In your copy, leave out the pictures and repeat the entries below exactly.

━━━

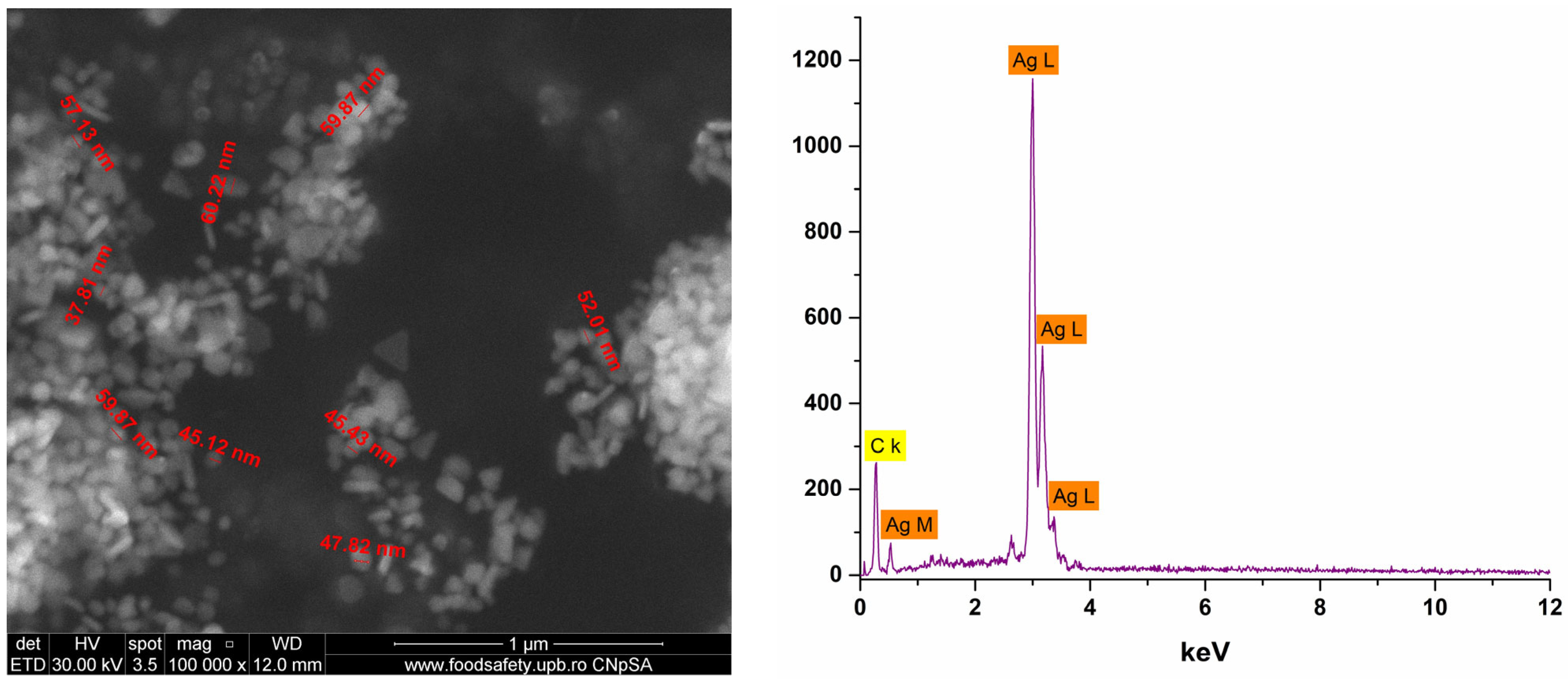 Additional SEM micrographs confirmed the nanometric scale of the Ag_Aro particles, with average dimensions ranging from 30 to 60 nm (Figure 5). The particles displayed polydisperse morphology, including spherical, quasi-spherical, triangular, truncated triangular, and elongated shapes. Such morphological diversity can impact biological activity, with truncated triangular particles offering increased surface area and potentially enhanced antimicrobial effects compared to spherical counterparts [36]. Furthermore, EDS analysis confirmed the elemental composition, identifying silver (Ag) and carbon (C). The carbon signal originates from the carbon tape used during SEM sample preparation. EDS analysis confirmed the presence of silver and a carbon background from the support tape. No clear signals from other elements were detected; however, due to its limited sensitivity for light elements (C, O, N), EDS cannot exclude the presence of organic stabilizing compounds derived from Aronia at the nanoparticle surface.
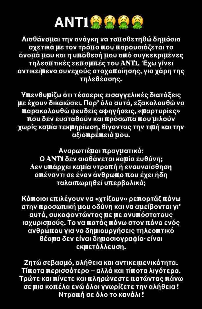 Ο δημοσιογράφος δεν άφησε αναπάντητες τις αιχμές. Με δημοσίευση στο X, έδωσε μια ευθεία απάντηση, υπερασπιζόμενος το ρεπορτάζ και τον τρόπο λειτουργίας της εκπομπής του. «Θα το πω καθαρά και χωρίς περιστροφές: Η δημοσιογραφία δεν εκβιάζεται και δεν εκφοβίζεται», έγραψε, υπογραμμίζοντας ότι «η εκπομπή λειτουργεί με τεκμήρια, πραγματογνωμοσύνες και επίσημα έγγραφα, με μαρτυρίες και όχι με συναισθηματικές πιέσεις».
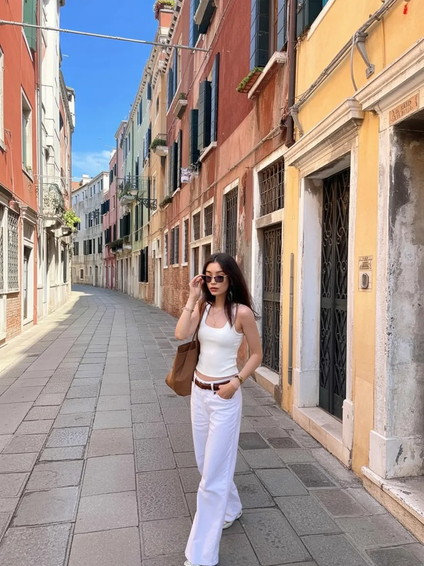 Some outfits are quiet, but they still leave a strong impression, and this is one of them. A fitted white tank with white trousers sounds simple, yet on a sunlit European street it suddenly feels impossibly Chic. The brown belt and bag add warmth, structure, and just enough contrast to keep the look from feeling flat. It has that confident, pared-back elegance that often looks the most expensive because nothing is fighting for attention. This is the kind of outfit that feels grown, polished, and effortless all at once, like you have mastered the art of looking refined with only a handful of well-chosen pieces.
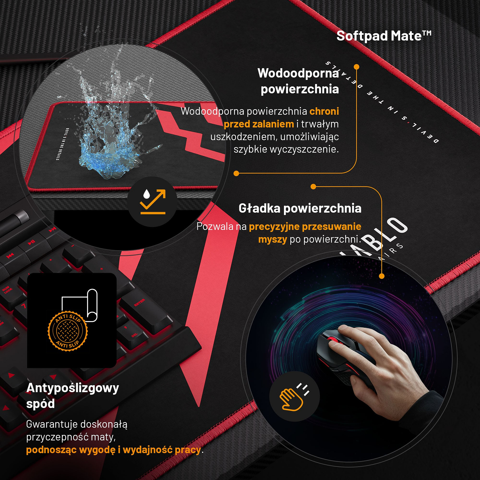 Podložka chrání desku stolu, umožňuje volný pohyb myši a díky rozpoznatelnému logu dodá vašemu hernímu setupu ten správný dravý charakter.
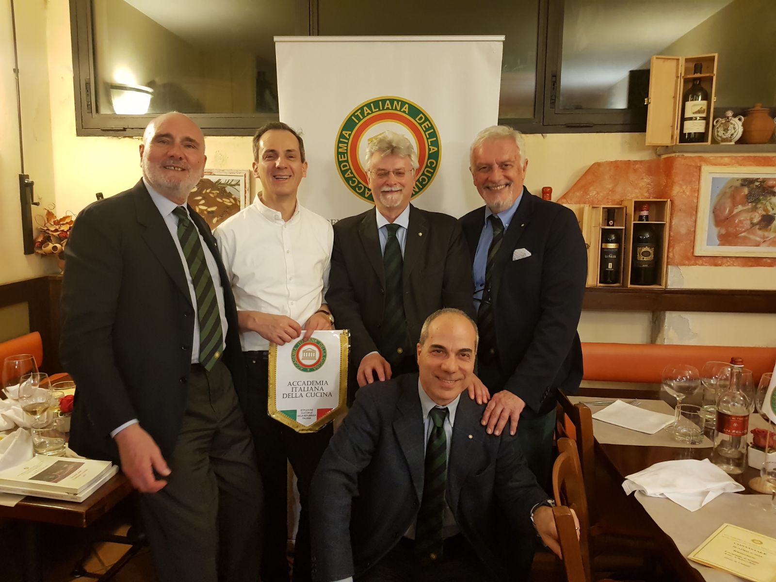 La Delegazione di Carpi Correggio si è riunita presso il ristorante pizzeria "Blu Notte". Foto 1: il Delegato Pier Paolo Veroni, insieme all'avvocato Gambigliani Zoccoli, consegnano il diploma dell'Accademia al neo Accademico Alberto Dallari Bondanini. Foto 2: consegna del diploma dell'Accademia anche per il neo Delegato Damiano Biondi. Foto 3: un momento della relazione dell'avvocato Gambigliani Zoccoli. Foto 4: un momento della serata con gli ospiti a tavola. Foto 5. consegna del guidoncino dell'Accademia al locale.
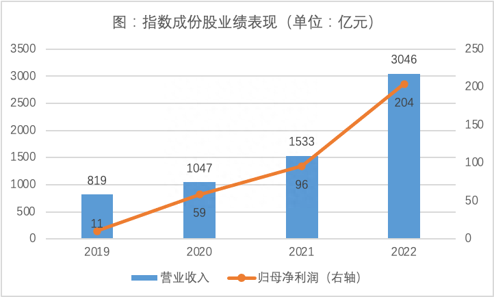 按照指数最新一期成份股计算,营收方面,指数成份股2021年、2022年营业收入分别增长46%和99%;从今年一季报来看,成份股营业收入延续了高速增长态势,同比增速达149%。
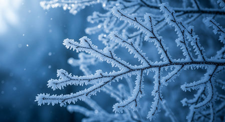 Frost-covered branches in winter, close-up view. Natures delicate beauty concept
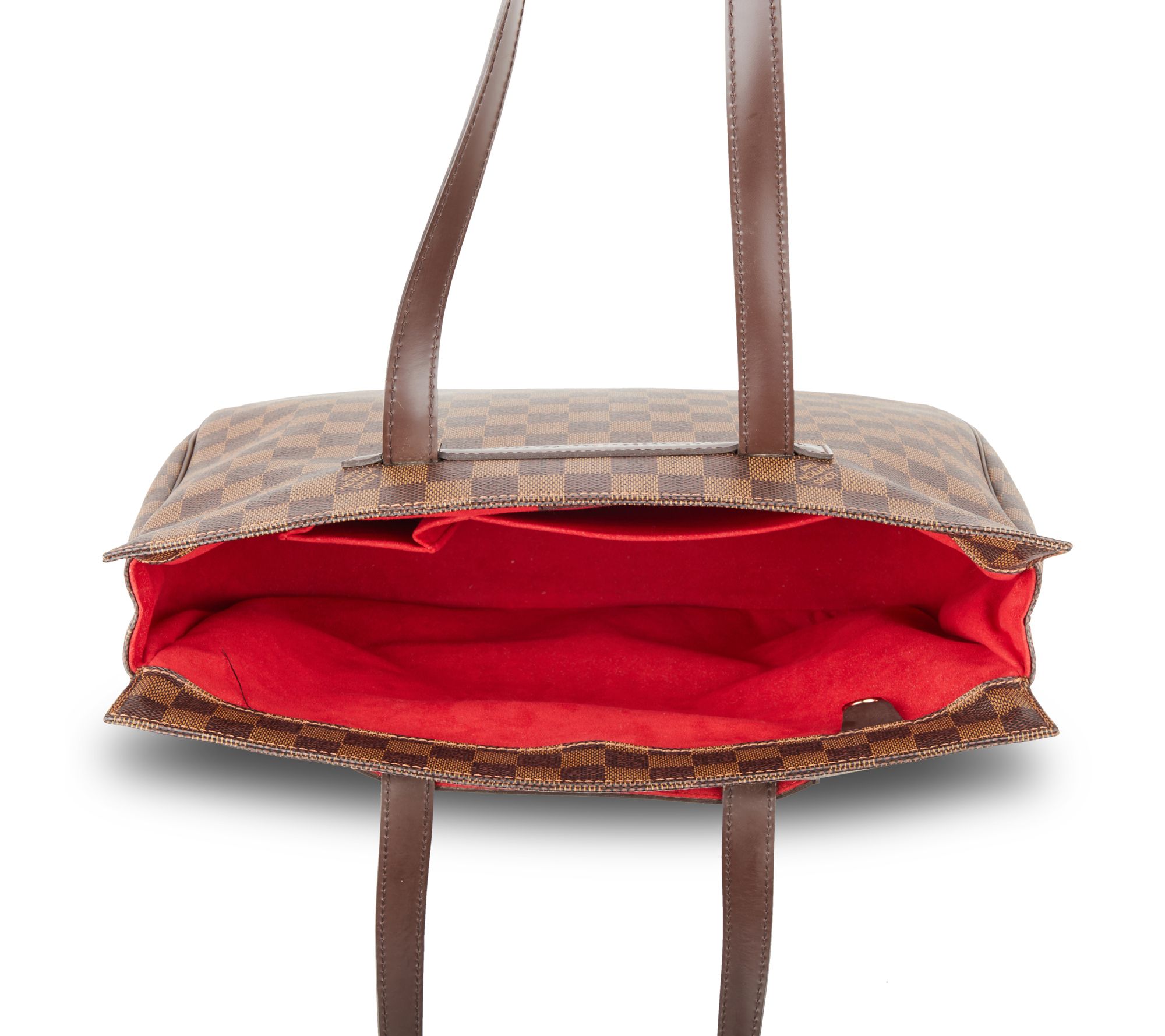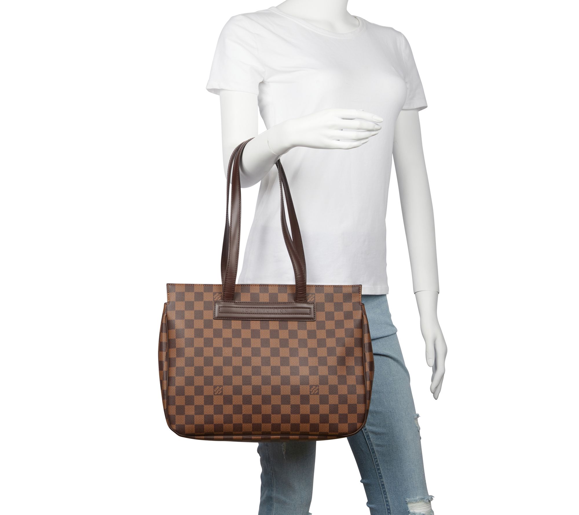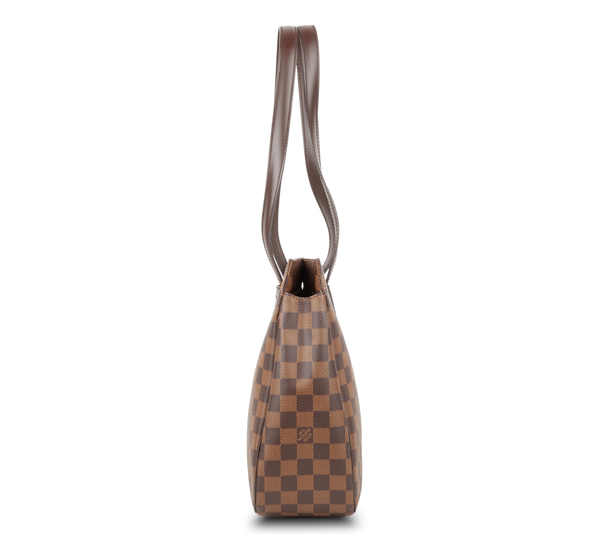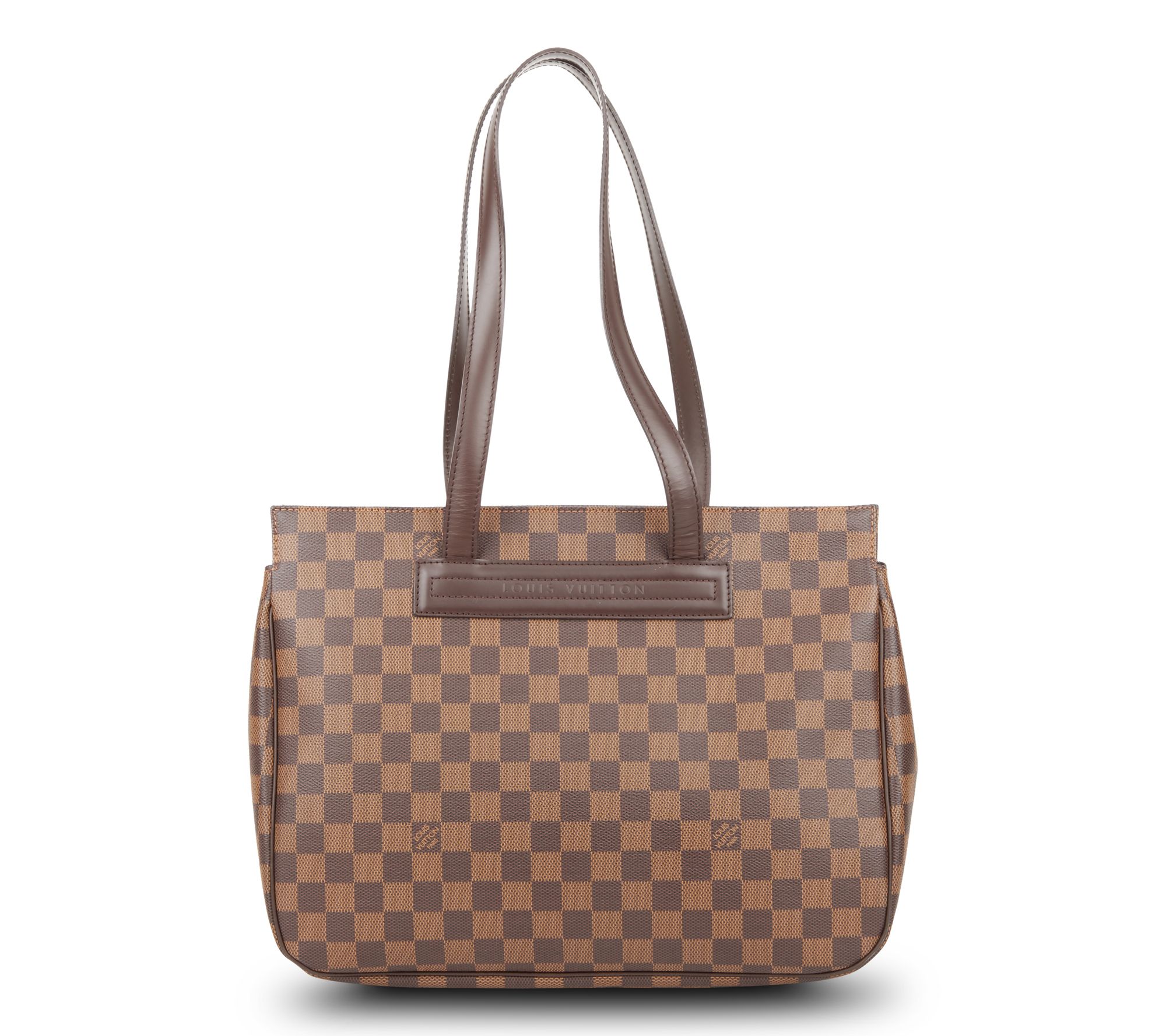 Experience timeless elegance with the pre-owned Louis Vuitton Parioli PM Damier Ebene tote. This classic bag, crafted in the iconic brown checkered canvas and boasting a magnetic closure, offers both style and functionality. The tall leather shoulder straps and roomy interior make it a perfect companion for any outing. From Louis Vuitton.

━━━

SOLUTION FOR THIS TASK:
 Additional SEM micrographs confirmed the nanometric scale of the Ag_Aro particles, with average dimensions ranging from 30 to 60 nm (Figure 5). The particles displayed polydisperse morphology, including spherical, quasi-spherical, triangular, truncated triangular, and elongated shapes. Such morphological diversity can impact biological activity, with truncated triangular particles offering increased surface area and potentially enhanced antimicrobial effects compared to spherical counterparts [36]. Furthermore, EDS analysis confirmed the elemental composition, identifying silver (Ag) and carbon (C). The carbon signal originates from the carbon tape used during SEM sample preparation. EDS analysis confirmed the presence of silver and a carbon background from the support tape. No clear signals from other elements were detected; however, due to its limited sensitivity for light elements (C, O, N), EDS cannot exclude the presence of organic stabilizing compounds derived from Aronia at the nanoparticle surface.
 Ο δημοσιογράφος δεν άφησε αναπάντητες τις αιχμές. Με δημοσίευση στο X, έδωσε μια ευθεία απάντηση, υπερασπιζόμενος το ρεπορτάζ και τον τρόπο λειτουργίας της εκπομπής του. «Θα το πω καθαρά και χωρίς περιστροφές: Η δημοσιογραφία δεν εκβιάζεται και δεν εκφοβίζεται», έγραψε, υπογραμμίζοντας ότι «η εκπομπή λειτουργεί με τεκμήρια, πραγματογνωμοσύνες και επίσημα έγγραφα, με μαρτυρίες και όχι με συναισθηματικές πιέσεις».
 Some outfits are quiet, but they still leave a strong impression, and this is one of them. A fitted white tank with white trousers sounds simple, yet on a sunlit European street it suddenly feels impossibly Chic. The brown belt and bag add warmth, structure, and just enough contrast to keep the look from feeling flat. It has that confident, pared-back elegance that often looks the most expensive because nothing is fighting for attention. This is the kind of outfit that feels grown, polished, and effortless all at once, like you have mastered the art of looking refined with only a handful of well-chosen pieces.
 Podložka chrání desku stolu, umožňuje volný pohyb myši a díky rozpoznatelnému logu dodá vašemu hernímu setupu ten správný dravý charakter.
 La Delegazione di Carpi Correggio si è riunita presso il ristorante pizzeria "Blu Notte". Foto 1: il Delegato Pier Paolo Veroni, insieme all'avvocato Gambigliani Zoccoli, consegnano il diploma dell'Accademia al neo Accademico Alberto Dallari Bondanini. Foto 2: consegna del diploma dell'Accademia anche per il neo Delegato Damiano Biondi. Foto 3: un momento della relazione dell'avvocato Gambigliani Zoccoli. Foto 4: un momento della serata con gli ospiti a tavola. Foto 5. consegna del guidoncino dell'Accademia al locale.
 按照指数最新一期成份股计算,营收方面,指数成份股2021年、2022年营业收入分别增长46%和99%;从今年一季报来看,成份股营业收入延续了高速增长态势,同比增速达149%。
 Frost-covered branches in winter, close-up view. Natures delicate beauty concept
 Experience timeless elegance with the pre-owned Louis Vuitton Parioli PM Damier Ebene tote. This classic bag, crafted in the iconic brown checkered canvas and boasting a magnetic closure, offers both style and functionality. The tall leather shoulder straps and roomy interior make it a perfect companion for any outing. From Louis Vuitton.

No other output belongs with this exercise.